Elizabeth Ramirez didn’t know Antonio Brown personally. She only knew his story from what she gathered on the news — how Brown, a reputed gang member who has been arrested scores of times and faces gun charges, was the intended target of a bullet that, instead of hitting the father, found the tiny chest of his 7-year-old son Amari Brown.
That last part is all that’s important to Ramirez. On July 6, two days after the shooting, she walked up to the home in the 1100 block of North Harding in Humboldt Park, past the spot where Amari’s blood had caked on the sidewalk, and spotted Antonio.
Ramirez introduced herself as a parent who, four years after the death of her son Harry Rodriguez, is still grieving. She asked Brown if it was okay for her to hold a vigil near the spot where a makeshift memorial had bloomed along the property’s front-yard fence. And then she opened her arms to Brown for a hug.
Brown told Ramirez to do whatever she wanted. He nearly broke down crying during the long embrace.
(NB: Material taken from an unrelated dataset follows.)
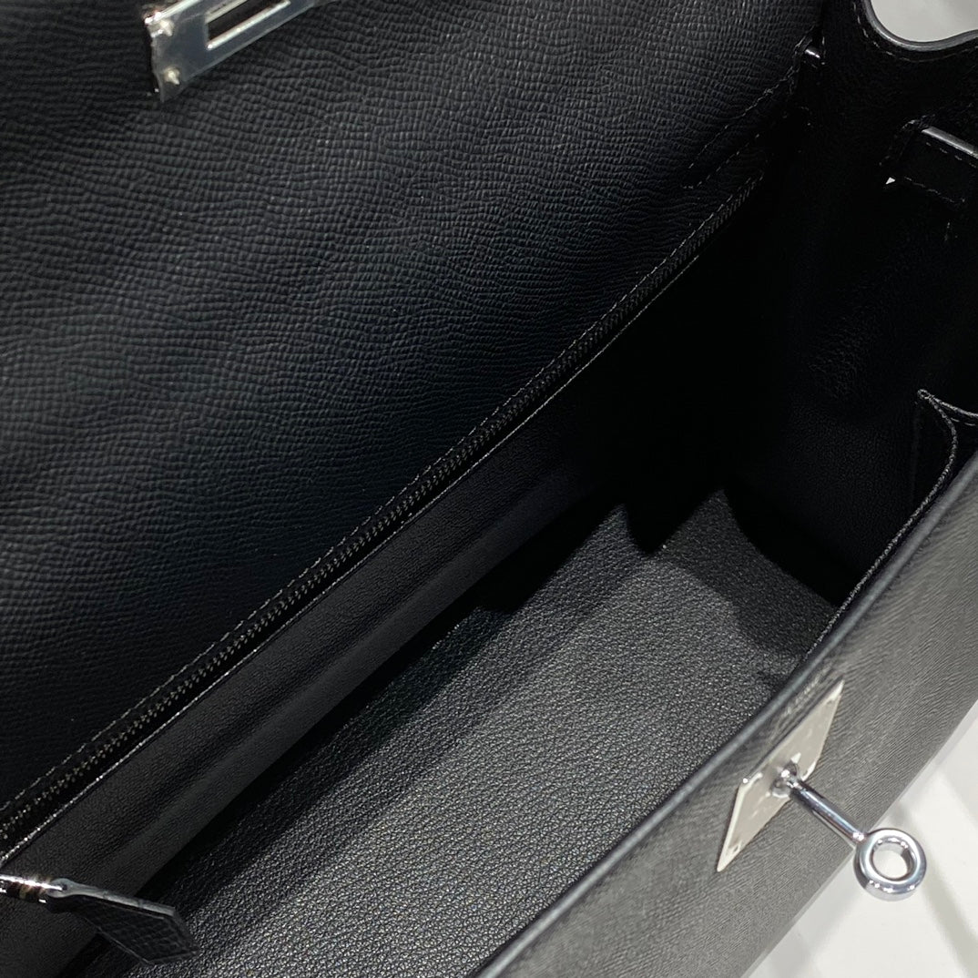 HM Mini Kelly 19cm Black Epsom Silver Hardware

“We are God’s children and he wants us to help each one another and to serve each other,” Ramirez said. “It doesn’t matter who you are. This is about trying to save a life and trying to support a family.”
Ramirez’s son Harry Rodriguez was killed on Oct. 23, 2011 while at his own surprise birthday party on the 2000 block of North Leclaire Avenue. He would’ve been 24 a week later.
According to Ramirez’s account of the incident in a 2013 article published by Chicago Talks, “gang members who intruded on the party aimed a gun at one of her son’s younger cousins, but Rodriguez pushed the boy back and took a bullet to the chest.”
“He had seen someone with a mask,” Ramirez told Austin Weekly News. “At first, he thought it was firecrackers, but when he went toward the kitchen it was a guy with a mask shooting.”
A Resident in the area said gang members mistook Rodriguez’s cousin “for a man they had argued with before the party because the cousin was wearing the same color hoodie,” Chicago Talks reported.
Ramirez said she was at home sleeping when she got the call. It was 2:00 a.m. She knows the emotional black hole Brown may be sucked into — how life, at times, will feel like the day-to-day recurrence of a waking nightmare.
“It feels like it was yesterday. Your life changes completely. You’re not the same person you were before. I don’t socialize with my family. I don’t do things I used to do because someone is missing,” Ramirez said.
She knows that capturing the person who killed her son isn’t as cut-and-dry as cooperating with the police.
“If somebody tells you, ‘I know who killed your son and I promise you in six months, your case is going to be solved,’ how would you feel? Don’t promise a parent that’s grieving over a child something you cannot accomplish. I know who killed my son. I have taken witnesses who overheard the shooter taking credit. I put my life at risk.”
In 2013, Chicago Talks reported, when Ramirez called police earlier that year for an update on her son’s case, she said “the department had assigned the case to a different detective since she had last heard from them.”
The six months Chicago police told her it would take to find her son’s killer has turned into nearly four years.
According to a written statement provided to Chicago Talks about unsolved murders in general, “The Chicago Police Detectives work tirelessly to solve every murder, bringing justice to criminals and closure to victims and their families,” reads the statement, in part. “Every murder, whether it happened last week or last year, is investigated with the same thoroughness.”
Ramirez’s vigil for Amari Brown will be held today, June 9.